The present study compared the prognostic value of the retrieval-augmented generation techniques enhanced large language model AtlasGPT based on peer-reviewed reliable neurosurgery-specific evidence, the large language model ChatGPT-4.0 with well-validated clinical and imaging scales. The prognostic performance of AtlasGPT to predict the functional outcome at discharge and the need for decompressive hemicraniectomy in aSAH based on characteristics at hospital admission demonstrated substantial roles for artificial intelligence in clinical practice (see supplementary file 3). Nevertheless, these results necessitate extensive discussion.
Both language models showed responses variabilities with slightly more variabilities in the AtlasGPT language model. However, we ran three iterations of four binary questions for 82 patients in two language models and observed only 21 instances of response variability (21/656; 3.2%). To address this issue seriously and reduce potential bias caused response variability, we ultimately took the mean value of the responses for statistical processing. Nevertheless, it has to be noted that our investigation is focused on the most advanced ChatGPT version currently available, which requires a paid subscription (namely, the GPT-4-based model). The freely accessible and more commonly used version is based on the 3.5 model, which might produce less reliable predictions with more response variability and more temporal instability 16. This demonstrates that artificial intelligence can be most effective when integrated with “human intelligence”, such as the expertise of a supervision by a clinician. Additionally, it highlights the necessity for users to closely monitor the application of large language models in clinical settings. Decisions to treatment limitations and prognosis are inherently challenging, demanding human attributes such as long-term professional expertise, empathy, and emotional insight. In contrast, large language models are purely machines operating on stochastic processes, lacking any form of consciousness or emotional capacity 17.

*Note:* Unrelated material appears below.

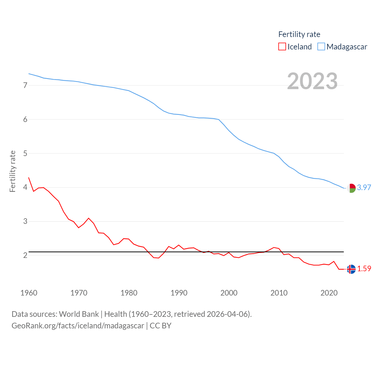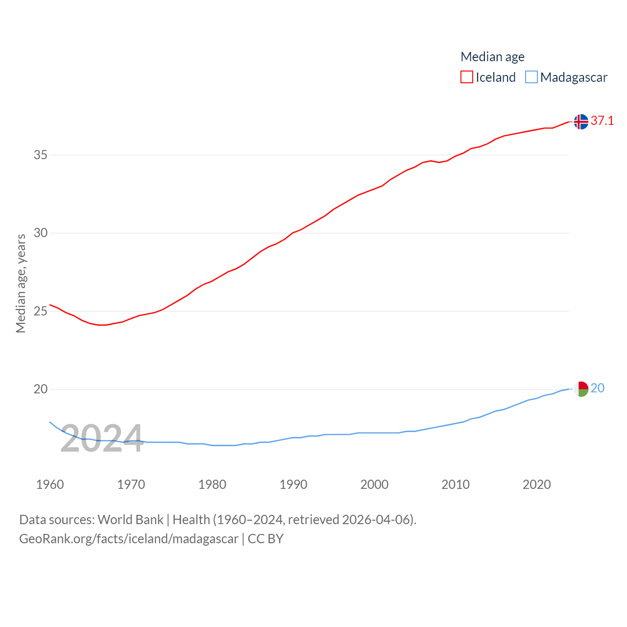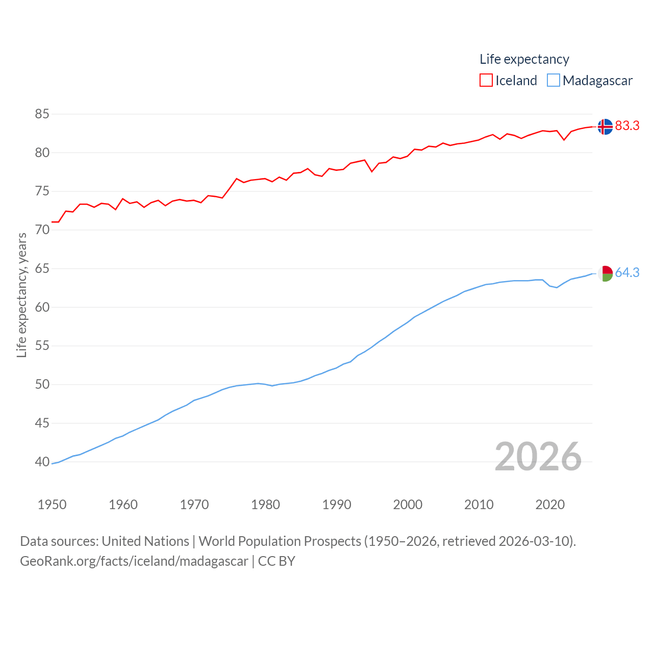 Iceland has a population of 387K (ranked 173/197), compared with 32M in Madagascar (ranked 49/197). Iceland's land area is 38,931 sq mi versus 224,634 sq mi for Madagascar (ranked 104th vs. 44th).
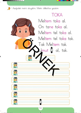 Aşağıdaki metni okuyalım. Metni dikkatlice yazalım. TOKA Meltem toka al. On tane toka al. Meltem tel toka al. Meltem tel toka tak. Tak Meltem tak. Umut al, tak. ÖRNEK 132 taslak dosyabitti3.indd 132 29.07.2019 02:04:47

While the use of large language models in the medical field is growing, neurovascular research on their ability to predict patient outcomes remains limited. A retrospective analysis of clinical, neuroimaging, and procedure-related data involving 163 patients with acute ischemic stroke found that ChatGPT adequately predicted short-term functional mRS outcomes at 3-months after mechanical thrombectomy and was superior to existing risk scores 18.
Mortality and functional prognosis in aSAH is complex, with scales like Hunt and Hess and WFNS gauging risk based on initial assessments and traits but ignoring the effects of ending life support, which might bias outcomes 19. Furthermore, there´s growing concern that pessimistic views on severely injured patient´s recoveries might worsen outcomes, termed a “self-fulfilling prophecy” 20, 21. However, it is of paramount importance to scientifically validate these language models because patients and their relatives will potentially start putting trust in what conventional AI, like ChatGPT, predicts. Despite language model designers took steps to prevent these consultations by making sure that language models are not physicians and cannot give medical advices, such protocols can be bypassed by “jailbreak“ prompts, such as feigned scenarios as demonstrated in the present study 22.
Physicians evaluating large language models should be also mindful of the “stochastic parrot” concept 23, 24. This principle highlights that due to its algorithmic nature, large language models lack comprehension of both the information it receives and the produced responses, merely replicating learned patterns and biases, including stereotypes and social disparities 25. These mechanisms might account for why the large language model´s performances in survival prediction and long-term neurological outcome prediction is comparable and not superior established clinical grading systems. This observation is consistent with findings from other research indicating similar levels of effectiveness in clinical or theoretical settings 26, 27. However, we found a superior role of a generated dialog describing baseline patient-, disease-, and procedure-specific aSAH patient characteristics which might facilitate the identification of those patients who will potentially undergo decompressive hemicraniectomy. Brain swelling and elevated ICP are established factors worsening outcomes after aSAH 28. Despite decompressive hemicraniectomy is a well-established procedure with high-level evidence for space-occupying stroke 29, the currently used language models and also AtlasGPT still have to rely on retrospective data. Further insights on the role of primary decompressive hemicraniectomy in aSAH and which patient will potentially benefit from this procedure might inform the randomized controlled PICASSO trial investigating decompressive hemicraniectomy in poor-grade (WFNS IV&V) aSAH patients 30.
Limitations
To our knowledge, this is the first investigation using large language models for predicting outcomes following aSAH with real-world patient data. It adopts a practical method focused on reproducibility and the integrity of data. Nonetheless, this study is not without its drawbacks.
First, there is the tendency of large language models to produce response variability which have to be addressed by repetitive approaches and trusting the mean values. Additionally, ChatGPT 4.0 was not specifically developed for medical use compared to AtlasGPT. Hence, the effectiveness and accuracy of ChatGPT 4.0 in addressing clinical issues has yet to be established. Finally, the present study represents a single-center cohort, which may limit their applicability to other settings or regions, underscoring the need for further studies across various environments to confirm the universality of these results. Finally, the present results have not been compared to a blinded experienced senior physician estimating the outcomes of the individual patients with the same baseline data.